The stock market indices continue to reach new heights. In fact, both the Dow Jones and the S&P 500 surged to record or near-record highs Friday following the release of the April jobs report.

The endless run-up in the stock markets, fueled by the Fed’s cheap money policies, has inflated the corporate oligarchs’ fortunes to unprecedented levels, with the creation of a whole new layer of “centibillionaires,” those with wealth over $100 billion.

Between March 2020 and April 2021, the wealth of US billionaires—roughly 700 individuals—exploded upwards over $1.62 trillion, reaching a total of over $4.56 trillion, according to the Institute for Policy Studies. This is approximately four times the wealth owned by the bottom half of the US population, 165 million people.

The continued growth of the stock market and the wealth of the ruling class depends, ultimately, upon the suppression of wages and the intensification of the exploitation of the working class. Any substantial rise in pay for workers, particularly those who make the least, threatens to upend these operations and unleash the pent-up demands of workers to reverse the decades-long decline of their incomes. This, from the standpoint of the ruling class, must be avoided through all possible means, including through the cutoff of unemployment aid.
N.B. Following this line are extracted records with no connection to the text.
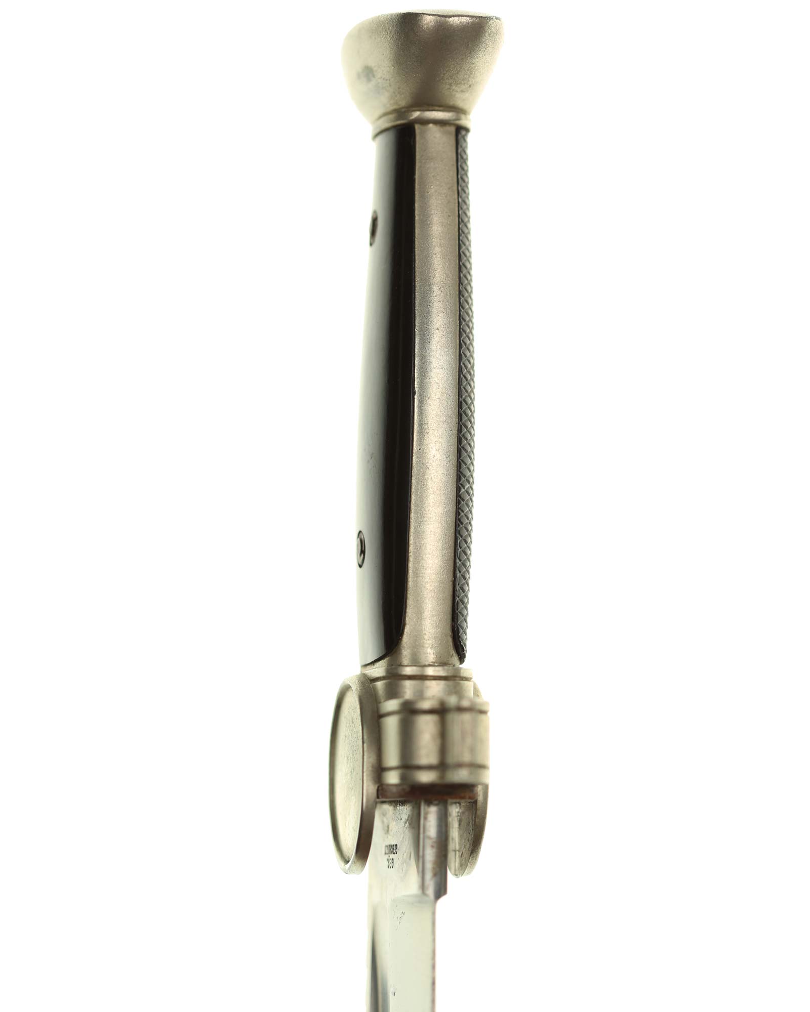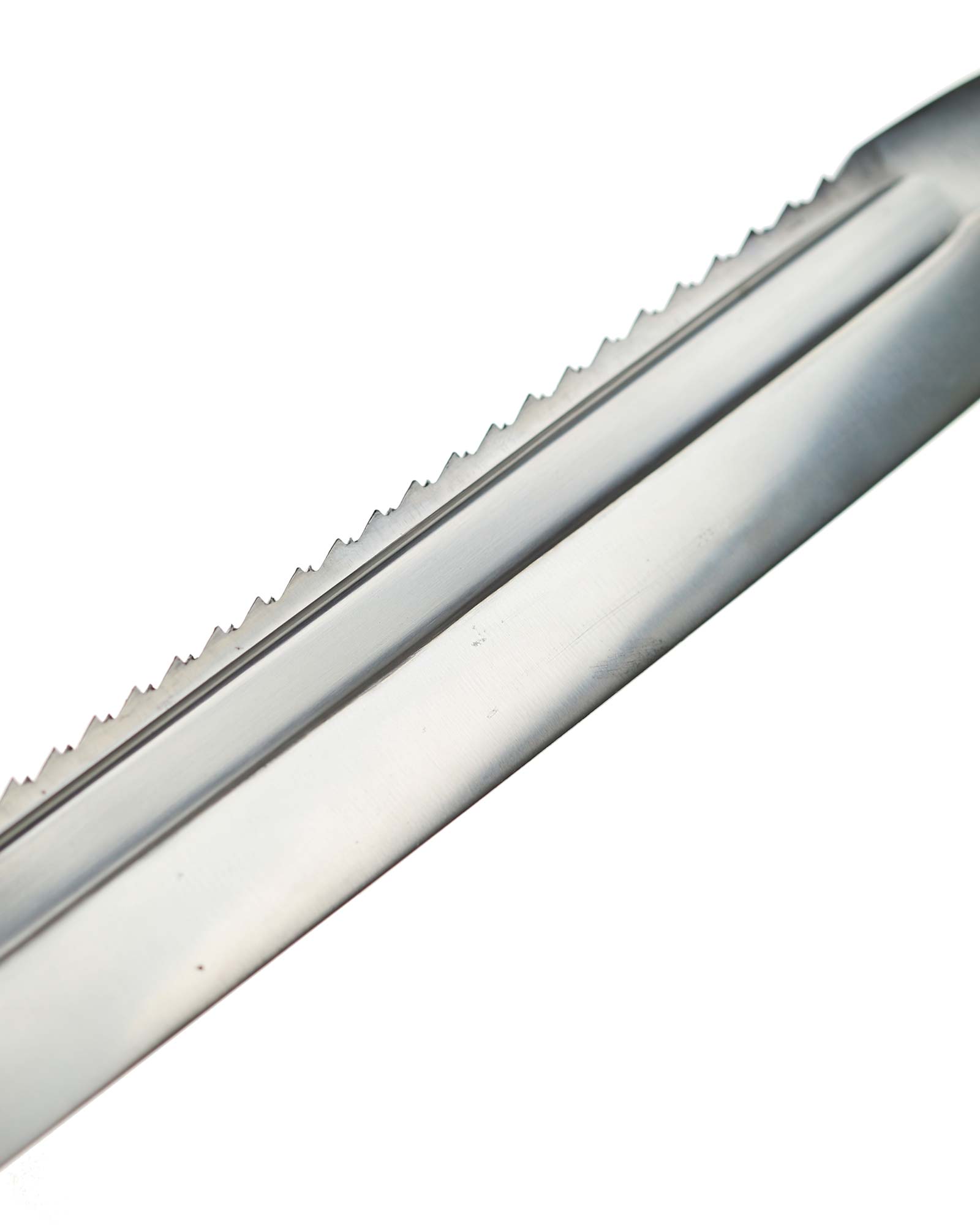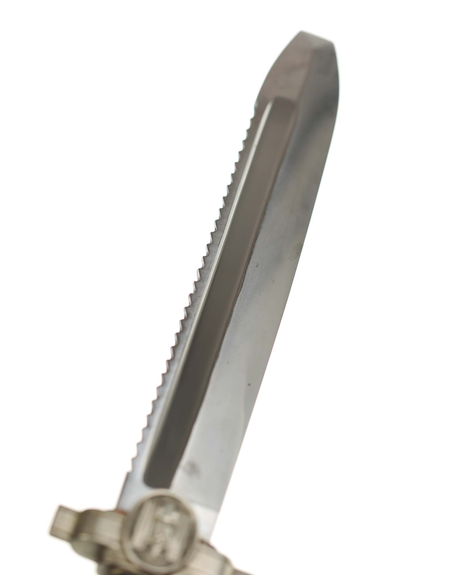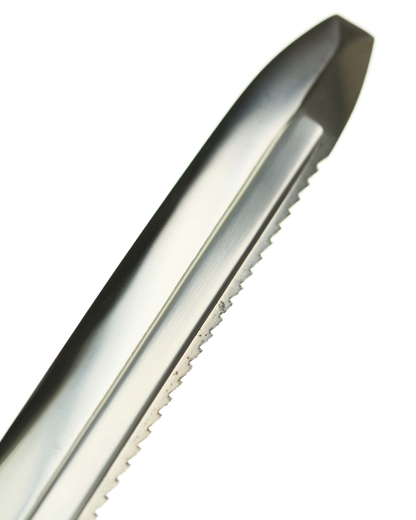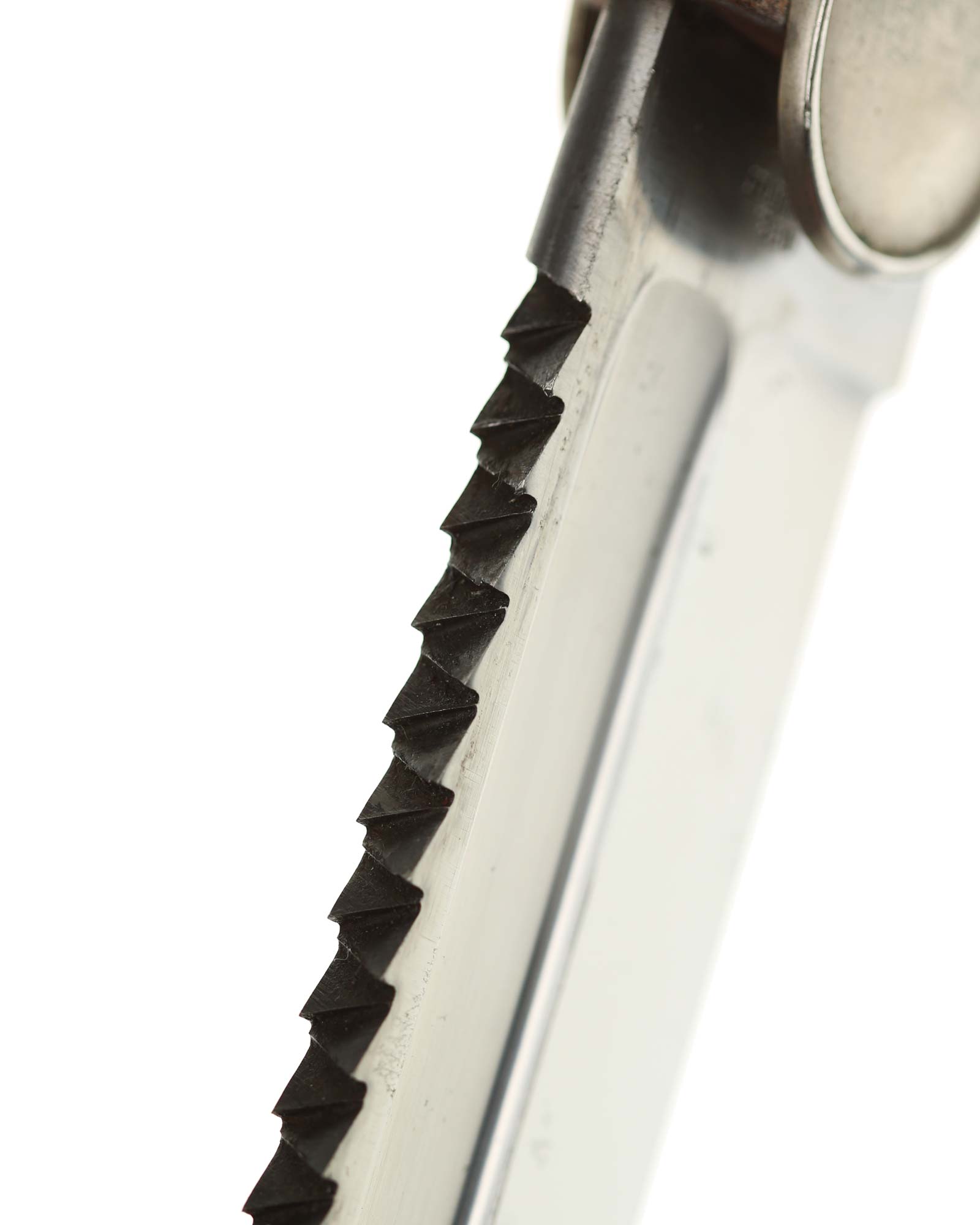 Клинок: Клинок прямой, стальной, однолезвийный, с одним долом и пилой на обухе. Боевой конец срезан.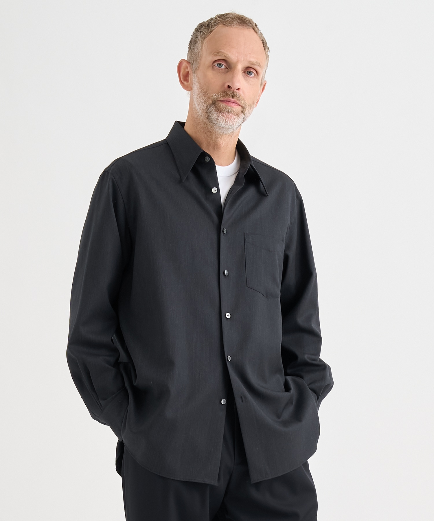 デザイン 薄手のウールギャバジン素材を使用した、着丈が長めのレギュラーカラーシャツ。 生地は尾州産地にて、ファインメリノsuper120`sのウールを使用し織られたウールギャバジン素材です。シャツもできる様な厚みの素材感で、肌当たりの良いさらっとしたタッチと品のある光沢が特徴で、シワになりにくい上質なウール素材です。手洗いが可能で、通年使える素材になっています。一見は単色の様ですが、タテヨコの糸の色味に差をつけ深みのある色に仕上げています ・裏地:なし ・伸縮性:なし ・光沢感:あり ・生地の厚さ:普通 メーカー品番:IH-25FW-B045-ND8 -IRENISA- イレニサ(IRENISA)は、小林祐と安倍悠治によるデザイナーデュオが手がける日本のメンズブランド。 イレニサのコンセプトは、CHIC WITH SARCASM。モードの基本を熟知した立体的なデザインに、クラフツマンシップを融合させた新しい衣服。そこに、常識の見え方が変わるきっかけを組み込んでいく。 既成概念に捉われない遊び心で、衣服の概念を裏切る。本当に永く付き合える衣服とは何か、未完成の完成とは何かを提案する。
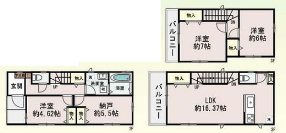 | 間取り | 3LDK+S(納戸) | 建物構造 | 木造 地上3階建て |

This is why Biden, who just requested the largest military spending bill in history and calls on American capitalism to deploy trillions of dollars in “competition” with China, swiftly abandoned after his inauguration his campaign promise to raise the minimum wage from its absurdly low level of $7.25 per hour.

The argument that society lacks the wealth to pay workers a decent wage and unemployment benefits is absurd. Not only must jobless benefits be continued and expanded, the minimum wage must immediately be raised to at least $25 an hour.

Workers are already initiating strikes and other efforts in pursuit of higher wages and better working conditions, from Volvo Truck workers in Virginia, to coal miners in Alabama, and steelworkers in Pennsylvania and other states. These struggles must be expanded and taken out of the hands of the unions, which have facilitated the ruling class’s attacks on jobs and wages over the past 40 years, blocking strikes and forcing through concessionary contracts.

It is increasingly clear that the private ownership of the giant fortunes of the corporate and financial oligarchs is one of the greatest obstacles to meeting any of the basic needs of the working population, whether aid for the unemployed and poor, decent wages and working conditions, or the public health measures needed to bring the pandemic under control.

Therefore, the oligarchs must be relieved of this wealth, so that it may be redirected to meeting pressing social need. For such policies to be carried out, a revolutionary leadership in the working class must be built, one that is based itself on a socialist program to end capitalist exploitation once and for all.